LE RENDEZ-VOUS TINDER

Véronique Simonnet

Elle arrive avec des pansements sur tout le visage. On dirait qu’elle a une couche sous ses vêtements, elle marche avec difficulté.

Plus jamais. Vous m'entendez, plus jamais ça ! Y en a t'il parmi vous qui sont sur Tinder ? Bien sûr, si vous êtes venus avec votre copine ou copain, vous n'allez pas hurlé « Ouiiiii ! Moi ! Moi ! » donc, seuls les célibataires répondront. Que ceux qui sont sur Tinder lèvent la main ! Peut-on éclairer la salle ? Voilà, repérez-vous, je vous offre un Tinder speed dating occulaire gratos, profitez-en !

Mais méfiez-vous, car c'est Tinder qui m'a rendu comme ça !

L'air pensive et nostalgique.

Pourtant au début, cela avait bien commencé. Je flashe sur un homme de monâge, ultra canon, genre mannequin abdo, des yeux tendres et lumineux, un sourire solaire, la TOTALE ! Pas dans ma catégorie me dis-je, et ben si, bingo, il l'est ! J'aurais dû me méfier. Mais j'étais déjà privé de toute réflexion carthésienne alors j'ai matché. Il a matché ; J'ai re matché. Wouaou, le gars joueur et inventif il a re matché ! Wouaou, j'ai tout de suite compris qu'en fait il me disait « c'est fou on est totalement sur la même longueur d'ondes, c'est comme si je te connaissais depuis toujours ! Dans la demi heure qui suvait on buvait le premier verre et au bout du dixième TGV (Téquila, Gin, Vodka) on s'arrachait nos vêtements caché derrière un porche.


J'étais en forme, j'étais fraîche, j'étais parfaitement bien épilée. Après m'avoir embrassée comme un dieu, il m'a sussurré à l'oreille, avec sa voix si chaude, « je ne me suis pas rasé depuis quelques temps, cela te dérrange ? ». Je n'étais plus chaude comme la braise, j'avais atteint la température de la lave en fusion. Décidée à le rassurer, je me dis, une petite pipe.. Montrant son visage : Voilà le résultat. J'ai bien senti que ça grattait un peu..mais sans plus. On s'est embrassé avec une telle fougue que j'ai cru que le sang sur mes lèvres venait de là. Lui, quand il a vu ma tête, ça l'a littéralement galvanisé ! Il m'a retournée aussi sec et à l'assaut ! Franchement, c'était bon au début, même si ça grattait. Mais de gratter je suis passée à baiser avec des oursins ! Puis l'étape du feu, pour finir par l'acide ! Je ne sais si c'est l'étape oursin qui m'a fait dessaouler, mais je n'étais plus du tout dans le « délire grattage » ! J'ai voulu l'éjecter, mais il s'est mis dos au mur en me cramponnant comme un malade, et en me disant que j'étais le meilleur coup de sa vie.

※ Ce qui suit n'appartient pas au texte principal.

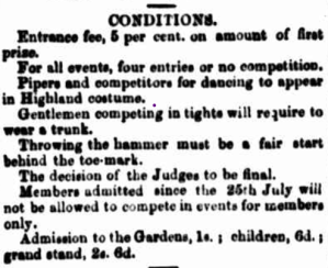 In the balmy spring of 1871, and in aid of the Brisbane Hospital, the Brisbane Caledonian Society offered entertainments in the Botanical Gardens. Competition was open to Society Members, and included the standard Caber Toss and Hammer Throw, and an inordinate amount of flings, reels and sword dancing. Not to mention Consolation Quoits at 11 am.

Cela doit être le mot coup. j'ai pris sa tête entre mes deux mains et je l'ai frappé contre le mur pour qu'il s'arrête. J'ai dû frapper un peu trop fort, parce qu'il a glissé tout doucement le long du mur avec moi dessus et n'a plus bougé. Non, non rassurez-vous, je ne l'ai pas tué ! A la réflexion, j'aurais peut-être dû. Parce qu'il s'était évanoui et qu'on était collés ! J'ai dû appeler les urgences et leur expliquer le problème. Comment décrire la situation ? Je me suis envoyée en l'air avec une râpe à gruyère ultra aiguisée et qui est tombée en panne ? (Gros soupir, on sent le profond abattement). Bref ils sont venus, et voilà : trois mois d'arrêt maladie, le temps que ça cautérise.

La souffrance physique vous transcende et j'en suis venue à me poser cette question existentielle : et si je ne m'étais pas épilée ? Soit j'aurais été mieux protégée par ma propre pilosité, soit il ne m'aurait pas sauté dessus et cramponner tel un chien en rut. Et si lui ne s'était pas épilé ? Aucun poil de longueur respectacle n'est abrasif comme de la chaux vive. Ca vous dégoûte ? Je préfère ça à ce que je vis depuis. Je tourne au tramadol. Je reste debout u couchée sur le ventre. J'ai l'impression qu'un sadique me tatoue au bambou les fesses, l'entrejambe et le visage, vingt quatre heure sur vingt quatre. Je n'en peux plus ! Non, plus jamais ça !

D'ailleurs j'ai jeté tout ce qui me servait à m'enlever les poils, je les laisse pousser. Je me demande même si je ne vais pas faire une cure de taurine et m'injecter des hormones mâles pour accélrer la pousse !

L'air traumatisé et déterminé Nan, plus jamais ça.